Vadim Nemkov vs. Corey Anderson: ‘Overtime’ to regain his confidence

Place: SAP Center, California Date: friday april 15
Cover: Watch live coverage on BBC Three and BBC iPlayer from 23:00 GMT; reaction on the BBC Sport website and app.

Inside Corey Anderson’s office is an exercise bike, a spotlight, a fitting center, flags from sponsors of his greatest fights, and the head of the first deer he killed with a bow.

The Bellator light-heavyweight title challenger has had a long fighting career – and an even longer hunt.

While hunting in the UK is much more restricted with very polarizing attitudes towards it, it is a big part of the culture for many in the US.

The harshness with which Anderson speaks will come as a shock to many in the UK, but it is indicative of the differences between the two countries.

Anderson, who made his professional MMA debut in 2013 after wrestling in high school and college, can’t remember the first time he went hunting.

But he told BBC Sport: “It’s something I grew up with, bringing food, supplying and cooking your own harvest.

“Ever since I can remember I had a gun in my hand, I was rabbit hunting with my dad. When I was 12 or 13 he gave me my first bow and my first arrows and I started target shooting. I went hunting with my bow for the first hour at 16.”

It would take another six years for Anderson to shoot his first deer with a bow – a real lesson in patience. “It was an adrenaline rush,” he says of the feeling, which he likens to a fight.

“For me, they go together. It’s the same when it comes to the mental aspect and the sharpness.

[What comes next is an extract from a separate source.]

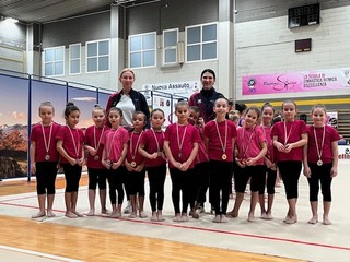 Fra le senior della stessa categoria Bonifacio Giorgia è prima al cerchio e seconda alle clavette, mentre Giabardo Ilaria è prima alle clavette e seconda al nastro. Ultima categoria a chiudere la competizione le Gold 1 junior dove Viana Ginevra ottiene due primi posti a clavette e nastro, Gallo Rebecca è prima alla palla e seconda al cerchio e Marchesi Iris è prima al cerchio e quarta alla palla. Hanno seguito le atlete in gara lo staff diretto dalla DT Tatiana Shpilevaya e composto dalle istruttrici Arianna Prete, Mariia Nikitchuk, Elena Chursina, Polina Nikitchuk e dalle assistenti Giulia Bocci e Maria Giulia Sales Neto tutte particolarmente soddisfatte dei risultati ottenuti dalle loro assistite e del clima di serenità ed amicizia che hanno contraddistinto le due giornate dell’evento.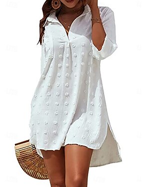 Mulheres Minivestido Vestido branco vestido de praia Vestido preto Cobertura Elegante Moda Clássico Diário Ao ar livre Praia Normal Tecido Manga Longa Decote V Preto Branco Vermelho Rosa Verão

“When I shoot my bow, it’s sort of a martial art. You can only shoot a certain distance from a deer, you have to be tactical.

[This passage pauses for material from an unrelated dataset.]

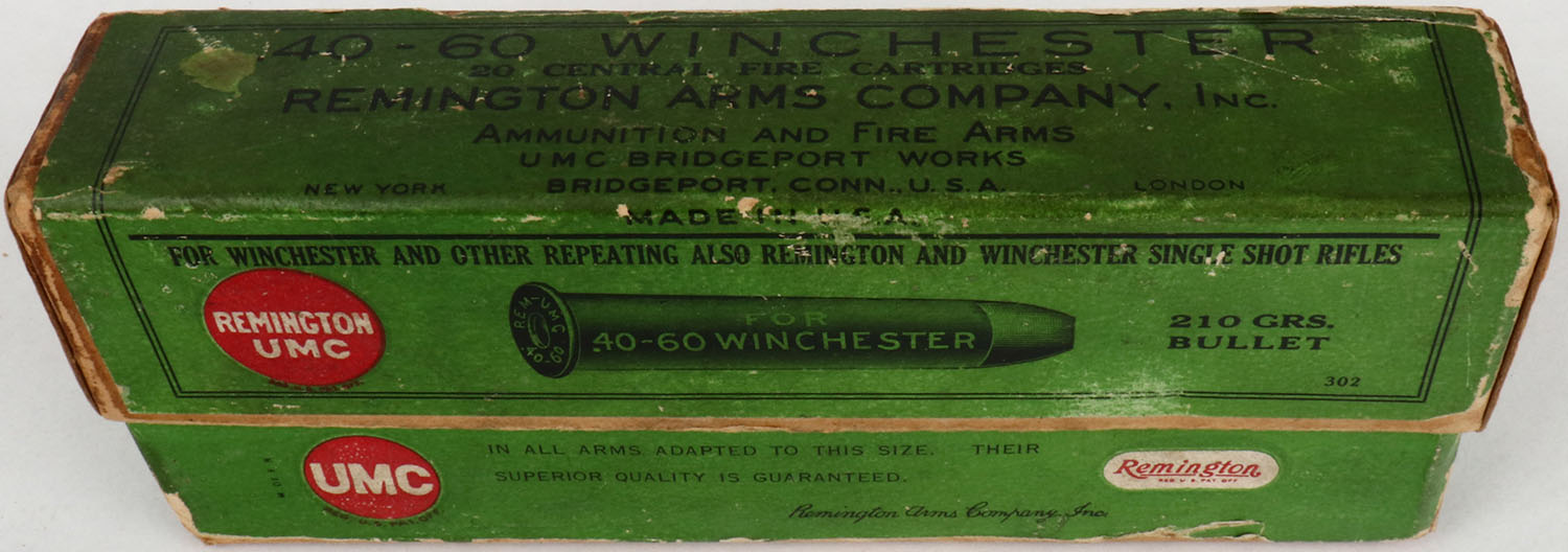 REM-UMC, .40-60 Winchester, 210 Grs. Bullet, Black Powder, Full of incorrect (W.R.A. H/S) ammo, 2pc. Buff box with green labels, box is solid with excellent color, very minor age soiling, some shelf & edge wear, minor corner wear, labels are intact, ammo is excellent. Grade: Excellent - Value: 10 to 100

“Everything has to be lined up perfectly to get that perfect shot. The same with fighting. I have to make sure I move to get everything lined up.

“I can’t just throw punches, I have to be in the right position. I have to be in the right place to throw the punch.”

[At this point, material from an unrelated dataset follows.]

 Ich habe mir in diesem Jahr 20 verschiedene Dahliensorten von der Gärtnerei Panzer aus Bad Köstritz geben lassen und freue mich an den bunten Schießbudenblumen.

Endless attitude served Anderson well in the cage. He suffered big losses to Jan Blachowicz, Ovince Saint Preux and Briton Jimi Manuwa while in the UFC.

Five losses in total, four by knockout, left Anderson stranded in his career at times, and he left the UFC disappointed with the lack of confidence the promotion seemed to have in him.

Now in Bellator, he is on the cusp of the most important fight of his life.

“If I stop, there is something that is not done”

Vadim Nemkov beat Ryan Bader to win the title and has defended it twice since

Anderson, 32, takes on the light heavyweight champion Vadim Nemkov in the final of the 205lb tournament at Bellator 277. In addition to the title up for grabs, there’s a $1 million prize for the winner.

The fights may come first, but Anderson is an avid hunter, gets paid to do it, and does all the editing for his YouTube channel that documents his exploits. He also has a young family to take care of and a wife to take care of.

“That’s why they call me ‘Overtime’,” he says. “I don’t stop, I can’t stop – I don’t have time. If I stop, there’s something not getting done.

“My wife always tells me I have to rest. I can’t sit still, I have so much to do. I get paid for everything I do. I have to earn money. It’s hard of balance but I do it, I have to do it.”

The DC Seal of Approval

Anderson is full of confidence these days. According to the Illinois native, he is the best light heavyweight fighter in the world. There’s not the slightest doubt in his mind that he can’t beat 29-year-old Russian Nemkov, who has two defeats to his name.

But Anderson hasn’t always expressed his self-confidence so well. It took training with UFC legend and two-weight champion Daniel Cormier to inspire him.

“DC was the champion back then – one of the greatest of all time,” Anderson recalled. “He said to me, ‘There’s no reason you shouldn’t be the 205-pound champion. The only person in front of you is you. You make mistakes, you’re too good to be knocked out and caught with silly stuff.”

“Since then, I’ve been bathed in that confidence. The champion told me that. I can’t just say it, I have to believe it.

“I can be the best, but I have to make sure I get to the goal. Then I can say I did everything I said I would do, I did it, I did it. won the belt.”